The Orange County based FilmEd Academy of the Arts is an education program that provides high school students with introductory production/post-production training as well as equipment. Every summer, the program hosts free 2-week workshops that teach hundreds of students the basics of directing, cinematography, and editing. The goal is to prepare them for projects during the school year. As early as fourteen or fifteen years old, students are leaving the summer workshops knowing how to handle prosumer cameras like the Panasonic HVX200 and HPX500, how to edit on the latest versions of Final Cut Pro and how to utilize wireless lapel microphones for interviews, etc.
FilmEd also has an advanced course and their camera of choice for the past two years has been the Canon 5D Mark II. Anyone who has worked with these HDSLRs for filmmaking purposes knows that getting these cameras ready for production is a huge headache because of the large amount of extraneous individual parts required to construct a rig.
“Equipment goes through FilmEd so fast that soft cases are not even an option anymore to house our gear due to common wear and tear problems,” says FilmEd instructor, Royce Choi. “But the Zacuto HDSLR gear performed as it was designed with no fret, no damage, and with an ease that made the FilmEd Zacuto rig constantly the most sought piece of equipment by every single student.”

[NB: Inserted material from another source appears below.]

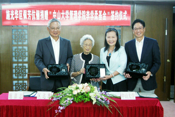 10月29日上午,施光华、区佩芳伉俪捐赠best365中国官方网站管理学院李学柔基金签约仪式在南校区中山楼顺利举行。此次捐赠由社会贤达人士区达雄先生和施嘉志先生以父母施光华、区佩芳伉俪的名义,各向我校管理学院李学柔基金捐赠了50万元人民币,捐赠总额共计100万元人民币。区佩芳女士及我校党委副书记李萍一行出席了签约仪式。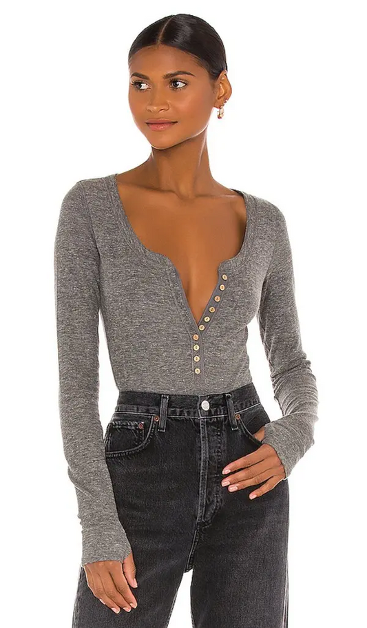 Free People Women's Dylan Thermal Bodysuit Charcoal S

This past year FilmEd decided to expand their inventory available to the Advanced students and purchased all of their HDSLR needs exclusively from Zacuto.
“It really was a no-brainer to pay a slight premium for equipment that was not going to fail, break, or have to be repaired over and over again, “says Choi. “We now have four complete Zacuto rigs for the 5D Mark IIs—fully outfitted handheld rigs with Z-Focuses, EVFs, etc. I am happy to say that, after six weeks of over 240+ hours of nonstop use, the Zacuto gear has held out fantastically without a single hitch.”
The Zacuto HDSLR gear has not only given FilmEd the confidence to hand students thousands of dollars worth of equipment, but it has also changed the entire curriculum. With more advanced gear, they can introduce new concepts to students such as pulling focus on a Z-Focus with a whip or utilizing an EVF’s preset functions to judge the proper exposure and focus of each and every shot.
The student response to the equipment is ecstatic and we know that all four of our Zacuto rigs will be in extremely high demand as students use them for their film festival entries at our annual Orange County Film Festival,” says Choi. “We could not be more excited. Thank you Zacuto for helping us make our advanced production course a reality.